— Вон, такая большая.
— Как я люблю смотреть на падающие звезды, на звезды вообще. Они здесь почему-то ярче и больше, а вот в Алатарисе звезды были не такие блестящие.
— Это потому, что вы пускали в небо слишком много огней.
— И что? Это могло как-то подействовать на яркость звезд?
— Вы своими огоньками хотели затмить сияние звезд. Но звездный свет нельзя приглушить или потушить. Дым от фейерверка затуманивал ваши глаза слезами, и вы почти уже не видели звездного неба. Но это означало только то, что глаза от дыма плохо видели, а не то, что звезды на небе потухли.
— Борнахи, ты гений! Если я тебе мешаю, то могу попробовать уснуть. Но сначала я посмотрю на красоту. Хорошо?
— Конечно, Хатарис. Я, собственно, тоже сейчас смотрю на красоту — на Млечный путь, на лунную дорожку в океане. Красота возвышает мысли и возвеличивает душу человека. Она заставляет наши души стремительно подниматься вверх, лететь все выше и выше, к самым далеким звездам. Скажи, Хатарис, чего ты хочешь сейчас больше всего?
— Мне хочется быть птичкой. Я бы сейчас так и полетел, как птица.
— Так низко?
— Что?
— Я спрашиваю, тебе хочется летать так низко, как птица?
— Я тебя совсем не понимаю, Борнахи. Разве птицы низко летают? Взять хотя бы орла…
— Мой дорогой глупенький Хати, я знаю, что орлы парят высоко над Землей, но даже они не могут долететь до ярких галактик.
— А кто же до них долетит?
— Человек. Запомни, Хатарис, никто и ничто не летает выше и дальше человека.
— Уважаемый, или я тебя не понимаю, или ты что-то не то говоришь.
— Скорее первое.
— Но я ни разу в жизни не видел летающих людей.

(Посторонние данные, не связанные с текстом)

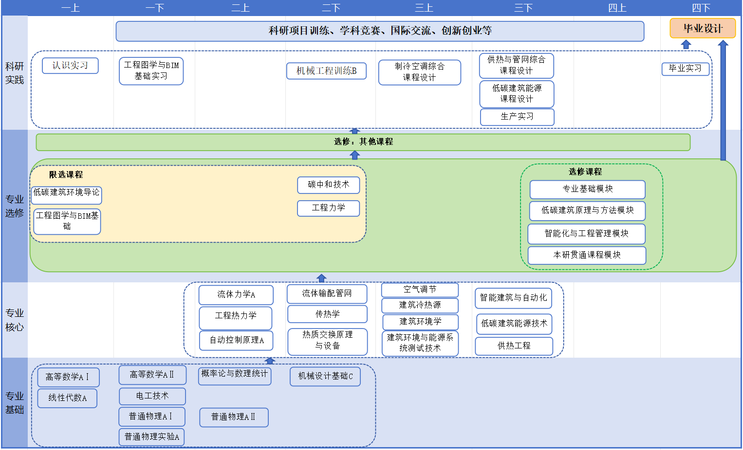 3. 工程能力:具备创新能力、跨学科综合能力、高效表达沟通能力、国际合作能力、计算思维能力,能够将知识和能力应用于解决建筑环境与能源应用工程中的复杂问题。 |
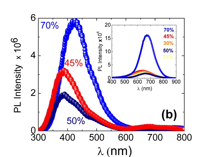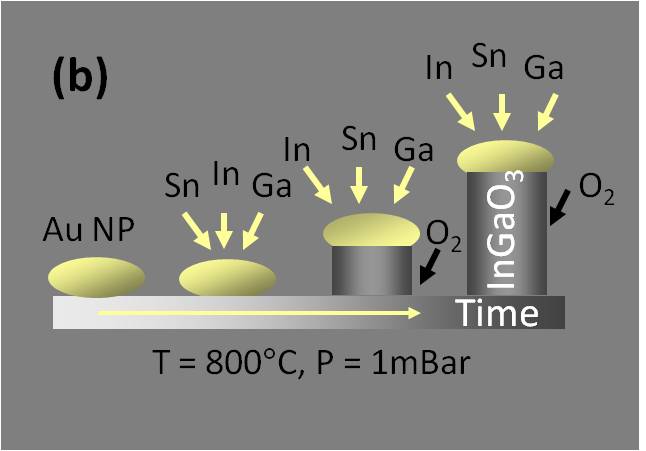 Here we have grown Sn doped In2xGa2-2xO3 NWs by LPCVD at 800°C and 1 mBar using Sn , In and Ga metal sources containing 13, 30, 35, 40, 50, 70, 75 % Ga and only 1% Sn. The vapor pressures of In and Ga at 800°C are » 10-4 and 10-5 mBar respectively while In and Ga have similar ionic radii which renders feasible the compositional tuning of In2xGa2-2xO3 NWs. We obtained a high yield and good uniformity of In2xGa2-2xO3 NWs with average diameters of » 50 nm and lengths up to 100 mm. A typical SEM image is shown in Figure 1a. We find that the In2xGa2-2xO3 NWs do not grow on plain Si so one dimensional growth occurs via the VLS mechanism, as depicted schematically in Figure1b, similar to Sn doped In2O3 where it has been shown that the Au nanoparticles at the top of the Sn doped In2O3 NWs are in fact rich in Sn not In [20]. The In2xGa2-2xO3 NWs exhibited clear peaks in the XRD as shown in Figure 2 from which they appear to consist of a mixture of phases belonging to the binary constituent components i.e. the cubic bixbyite crystal structure of In2O3 and monoclinic b-Ga2O3. There are few reports on the synthesis of pure In2xGa2-2xO3 and the highest conductivities have been obtained using Sn as a dopant [21]. Solid solutions of In2xGa2-2xO3, where x < 0.4, has been shown to result in indium substitution into the β-Ga2O3 lattice, while x > 0.95, results in gallium substitution into the cubic In2O3 lattice. For 0.4 < x < 0.95 phase segregation occurs and results in β-Ga2O3 and an In2O3-Ga2O3 phase with the cubic In2O3 structure [22]. It is worthwhile pointing out that the structural, electronic, and optical properties of In2xGa2-2xO3 have been determined recently by hybrid density functional methods and it has been shown that the structure of In2xGa2-2xO3 is similar to β-Ga2O3 but it is distinct from Ga doped In2O3 [23]. We find that the XRD spectra of the In2xGa2-2xO3 NWs obtained using 25 to 70% Ga contain a few weak, but nevertheless well resolved peaks, that do not belong to In2O3 or b-Ga2O3 as shown in Figure 2 but must belong to a Ga rich In2xGa2-2xO3 phase since they do not correspond to SnO2. Before elaborating further, it is worthwhile pointing out that we tried to grow In2xAl2-2xO3 NWs via the VLS mechanism but we found from high resolution XRD that the Al was not incorporated in the crystal lattice of In2O3 due to the large difference in the ionic radii of Al and In but also due to the fact that Al has a very large affinity to oxygen which is known prevent one dimensional growth via the VLS mechanism [24]. Besides we did not observe a mixture of In2O3 and Al2O3 phases in the XRD and did not detect more than 1% Al by energy dispersive x-ray analysis (EDX) which is different to the case of the In2xGa2-2xO3 NWs. A typical EDX spectrum obtained from the In2xGa2-2xO3 NWs obtained with 25% Ga is shown in Figure 1c from which we observe distinct peaks belonging to In and Ga. This clearly shows that the In and Ga are incorporated in the In2xGa2-2xO3 NWs while the % at. content of In and Ga in the In2xGa2-2xO3 NWs obtained using metal sources containing different ratios of In to Ga is shown as an inset in Figure 1(c). It is evident that one may tune the actual composition of the In2xGa2-2xO3 NWs over a broad range in contrast to the case of In2xAl2-2xO3 NWs. These findings are similar to the case of Sn doped In2O3 NWs where we showed that it is possible to tune the crystal structure from cubic bixbyite In2O3 to tetragonal rutile SnO2 via a regime consisting of a mixture of In2O3 and SnO2 [4]. Recently we showed that the same is also true for Sn doped Ga2O3 NWs. Both Sn doped In2O3 and Sn doped Ga2O3 NWs were grown by LPCVD at 800°C and 1mBar which are exactly the same growth conditions used for the growth of the Sn doped In2xGa2-2xO3 NWs. The ability to tune the composition of the In2xGa2-2xO3 NWs is attributed to the fact that its constituent binary oxide components can be grown using exactly the same growth conditions and Sn as a dopant but also due to the similar ionic radii of In and Ga. A schematic illustration of the VLS growth mechanism is shown for completeness in Figure 1b. All of the In2xGa2-2xO3 NWs showed PL with a maximum between 350 nm to 400 nm as shown in Figure 3a and a tail extending to 500 nm which is attributed to the existence of oxygen vacancies and states lying energetically in the upper half of the energy band gap of the In2xGa2-2xO3 NWs, as shown previously using ultrafast absorption transmission spectroscopy in the case of the b-Ga2O3 or In2O3 MO NWs. Interestingly we find that the PL of the In2xGa2-2xO3 NWs grown using more than 30 % Ga is slightly blue shifted, which is consistent with a change in the composition of the In2xGa2-2xO3 NWs from In to Ga rich and results into an increase in energy band gap. More specifically the PL has a maximum at 400 nm or 3.1 eV for 10 to 30% Ga but shifts to 350 nm or 3.5 eV above 30% Ga which is close to the experimental energy band gaps of bulk In2xGa2-2xO3.

— Хатарис, да не ты ли прошлой ночью поднимался в небо и видел яркие галактики? Ты же сам мне об этом рассказывал.
— Хм, так это не я летал, это мои мысли летали.
— А ты хочешь сказать, что твои мысли и чувства — это не есть ты сам? Вчера ты увидел прекрасное ночное небо, в твоей душе возникли чувства, они пробудили мысли, и чувства вместе с мыслями полетели в чудесную даль бесконечности. Я все правильно говорю, Хати?
— Все верно, все так и было.
— Вот видишь. Мысли же и чувства — твои. Их не кто-то за тебя придумал. Они такая же часть тебя, как, вот, твоя рука, нога, глаза, нос. Ведь ты не считаешь свои руки чем-то второстепенным, чужим и далеким?
— Нет — нет. Руки — вот они! Они — это я!
— Так же мысли и чувства. Они — это ты, и ты — это они.
— Все, оказывается, так просто! После того, как ты объяснил, Борнахи!
— Да, Хатарис? Какая гениальная мысль вернулась из полёта по космосу и озарила тебя? У тебя такой вид, как у моего Фати, когда он первый раз увидел бабочку.
— Борнахи! Раз мои мысли и чувства — это я, значит, вчера я по-настоящему летал к звездам! И яркие галактики — это не сон? Вот это да! Я летал, как птица!
— Как человек, Хати, как человек.
— Именно так. Я — Человек? Я — Человек, Борнахи! Какая радость!
— Да-а… Ощущаешь себя Человеком, а не одним из муравьёв в миллиардном муравейнике — это великая радость.
— Нет, Борнахи, ты даже представить не можешь, какая это радость!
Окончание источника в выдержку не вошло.